= Class-based mass party =

Japan Socialist Party designation, 1949–1986

Class-based mass party (Japanese: 階級的大衆政党, kaikyūteki taishū seitō) was the self-designation used by the Japan Socialist Party from 1949 to 1986. It was also the line of the left wing of the party, which viewed the middle class as a backward social class and positioned the working class as the primary agent of social transformation. The following article mainly covers the Japanese case.

== Overview ==
In the 1949 general election held after the corruption scandal of the Ashida Cabinet, the Japan Socialist Party suffered a major loss of seats, prompting a rebuilding of party strength. Junzō Inamura proposed the class party theory while Morito Tatsuo advocated the national party theory. This led to the so-called Morito–Inamura dispute. Due to a large influx of labor activists into the party, the class-based mass party theory — coordinated by Seiichi Katsumata — was adopted. Even at the time of the 1955 reunification of the Japan Socialist Party, the concept and term "class-based mass party" were explicitly written into the party platform of the reunified Japan Socialist Party (Chapter 3).

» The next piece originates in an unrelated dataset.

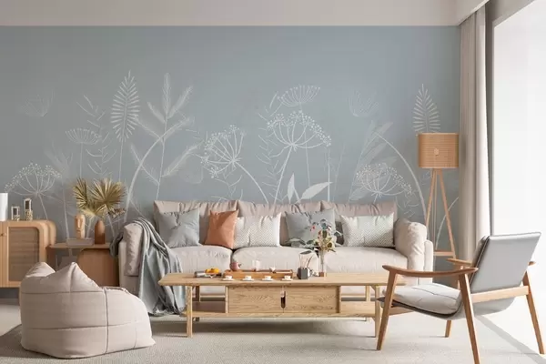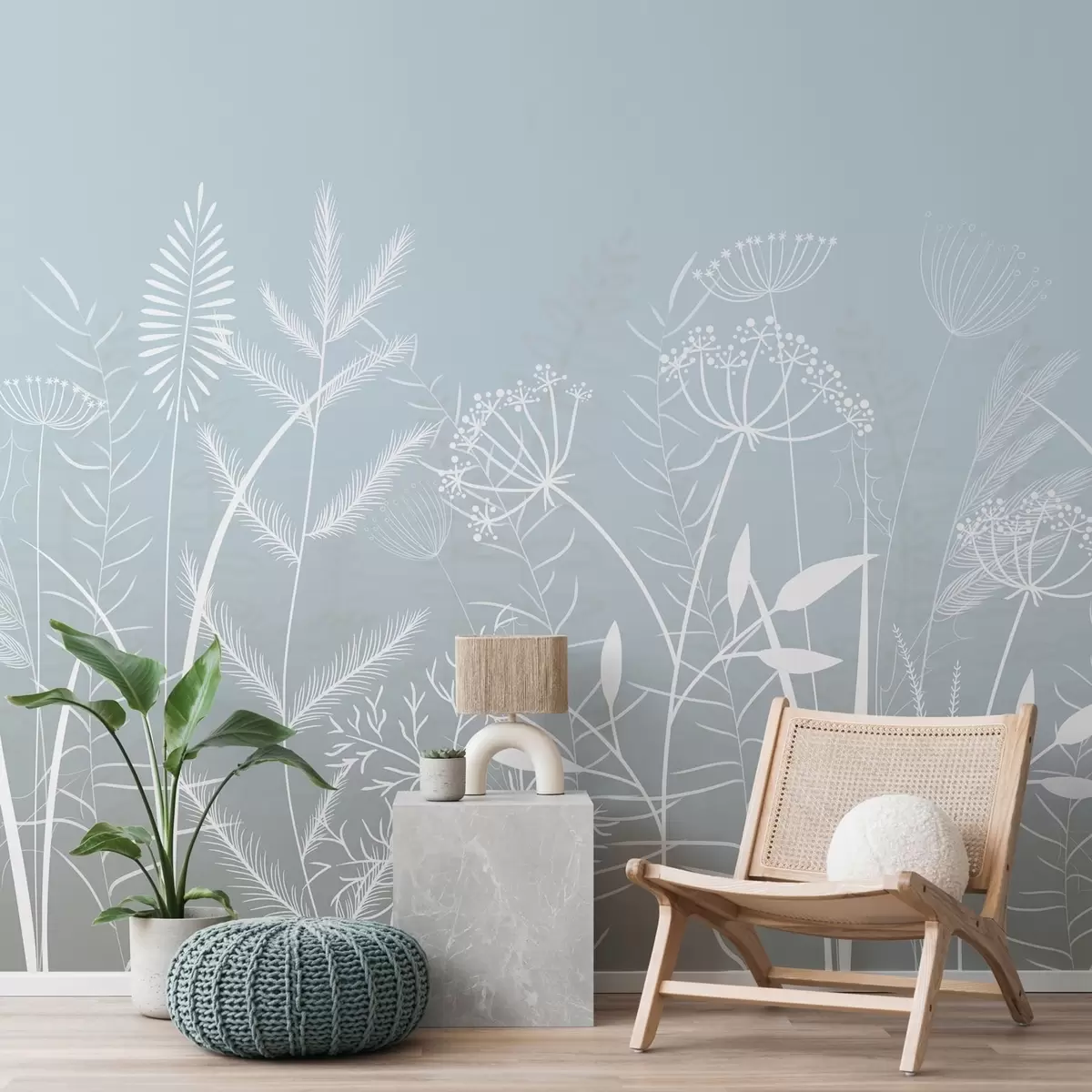 Fototapetak finom, kézzel festett vadfüvek és virágok szürkéskék háttér előtt Nr. w05383

Thereafter, amid repeated debates with the Nishio faction and left-right confrontations following the party's long-term decline, fierce disputes continued between the left wing of the party — which insisted on maintaining the class-based mass party character — and the right wing, which called for transforming the party into a national party. With the decline of left-wing influence and the end of cooperation between the Japan Socialist Party and the Japanese Communist Party, right-wing forces gained ground. The New Declaration of the Japan Socialist Party adopted in 1986 redefined the party's character as "the party of the people", effectively abandoning the concept of the class-based mass party.

== Class-based mass parties in other countries ==

=== South Korea ===
As of the 2020s, South Korea's progressive parties are divided into four main groups: the Democratic Party of Korea, the Justice Party, the Progressive Party and the Labor Party. In response to this fragmentation, lawmaker Dan Byeong-ho has called for organizational unification under the banner of a class-based mass party.